- [SUPPLIED INFORMATION]:
========================================

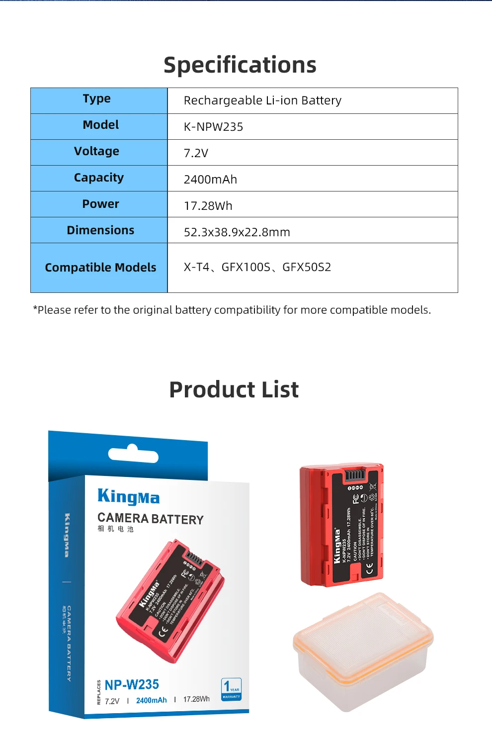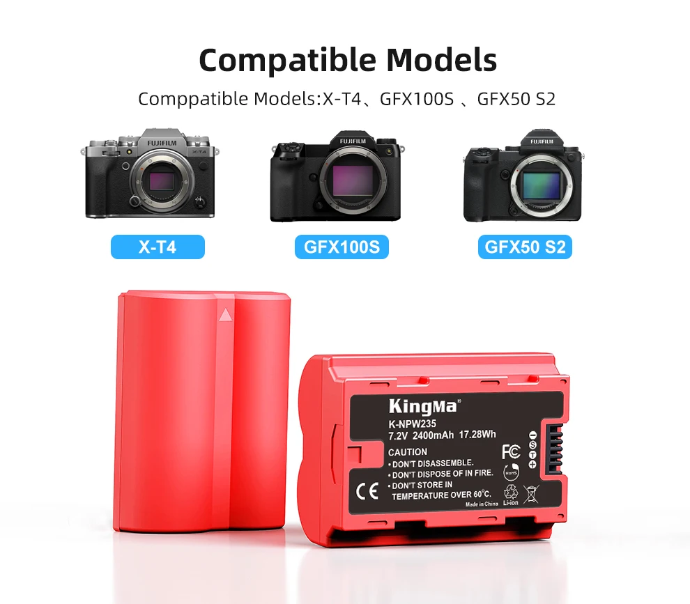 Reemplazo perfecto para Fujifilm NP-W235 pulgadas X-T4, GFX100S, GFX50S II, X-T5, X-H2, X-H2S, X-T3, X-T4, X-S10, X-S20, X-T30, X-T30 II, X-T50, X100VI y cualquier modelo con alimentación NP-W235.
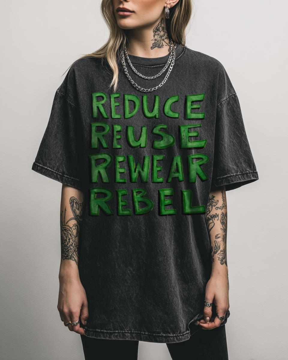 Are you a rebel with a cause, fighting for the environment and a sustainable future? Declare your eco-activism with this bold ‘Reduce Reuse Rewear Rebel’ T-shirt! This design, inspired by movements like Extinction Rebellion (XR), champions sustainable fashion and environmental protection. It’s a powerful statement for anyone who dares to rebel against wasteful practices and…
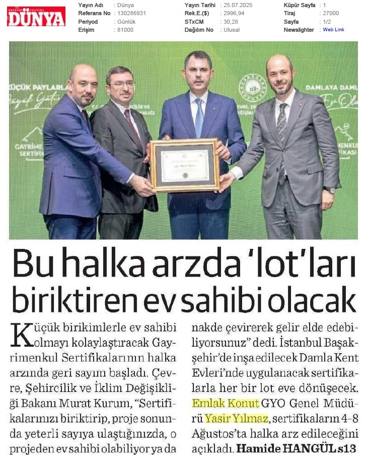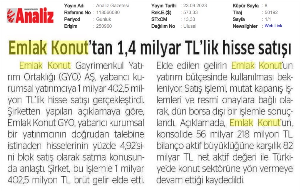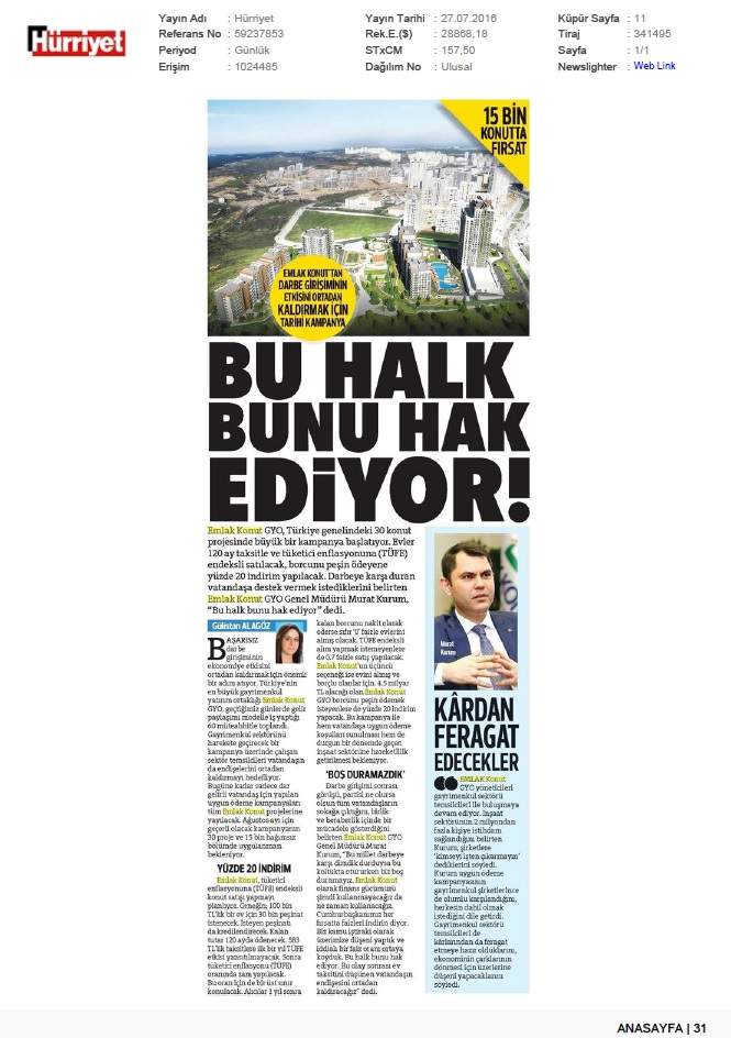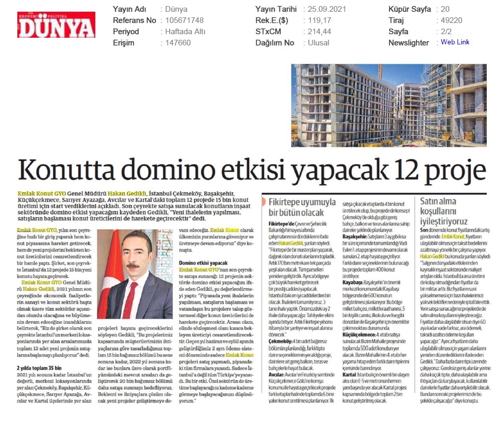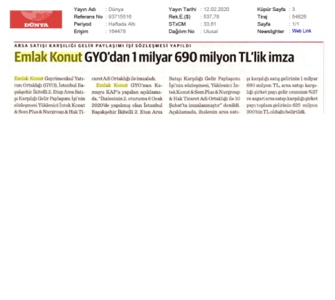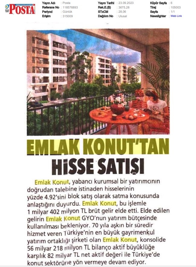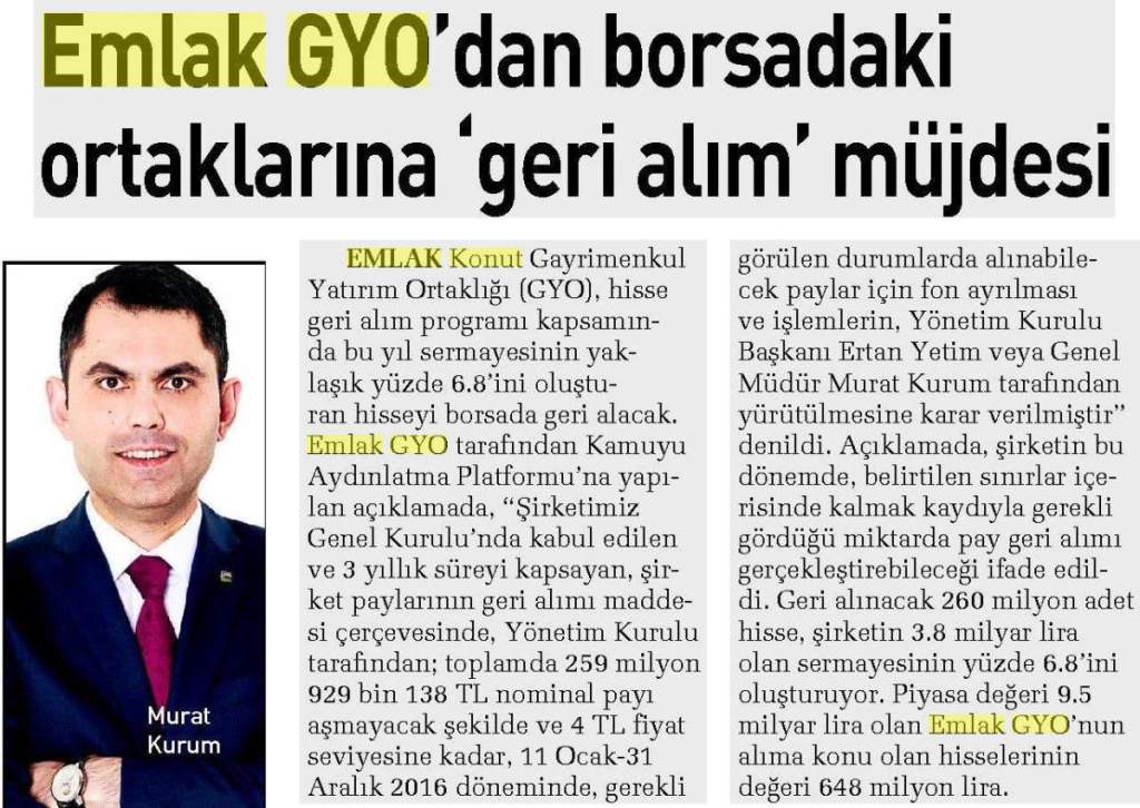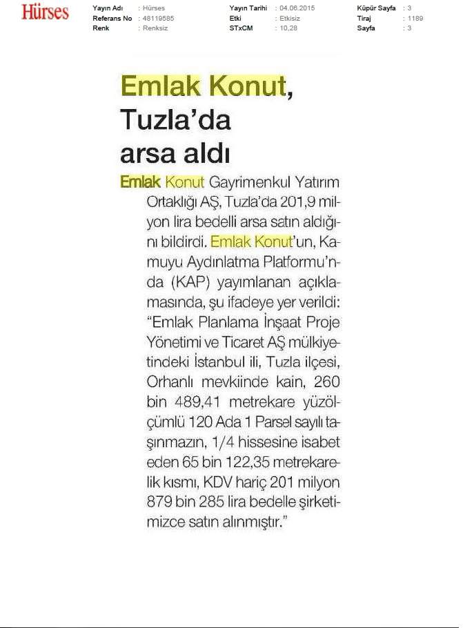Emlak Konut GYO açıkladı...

========================================

- [TASK PROMPT]: Reproduce the material above in full and without alteration, but skip all pictures.

- [RESPONSE TO THE EXERCISE]:
 Reemplazo perfecto para Fujifilm NP-W235 pulgadas X-T4, GFX100S, GFX50S II, X-T5, X-H2, X-H2S, X-T3, X-T4, X-S10, X-S20, X-T30, X-T30 II, X-T50, X100VI y cualquier modelo con alimentación NP-W235.
 Are you a rebel with a cause, fighting for the environment and a sustainable future? Declare your eco-activism with this bold ‘Reduce Reuse Rewear Rebel’ T-shirt! This design, inspired by movements like Extinction Rebellion (XR), champions sustainable fashion and environmental protection. It’s a powerful statement for anyone who dares to rebel against wasteful practices and…
Emlak Konut GYO açıkladı...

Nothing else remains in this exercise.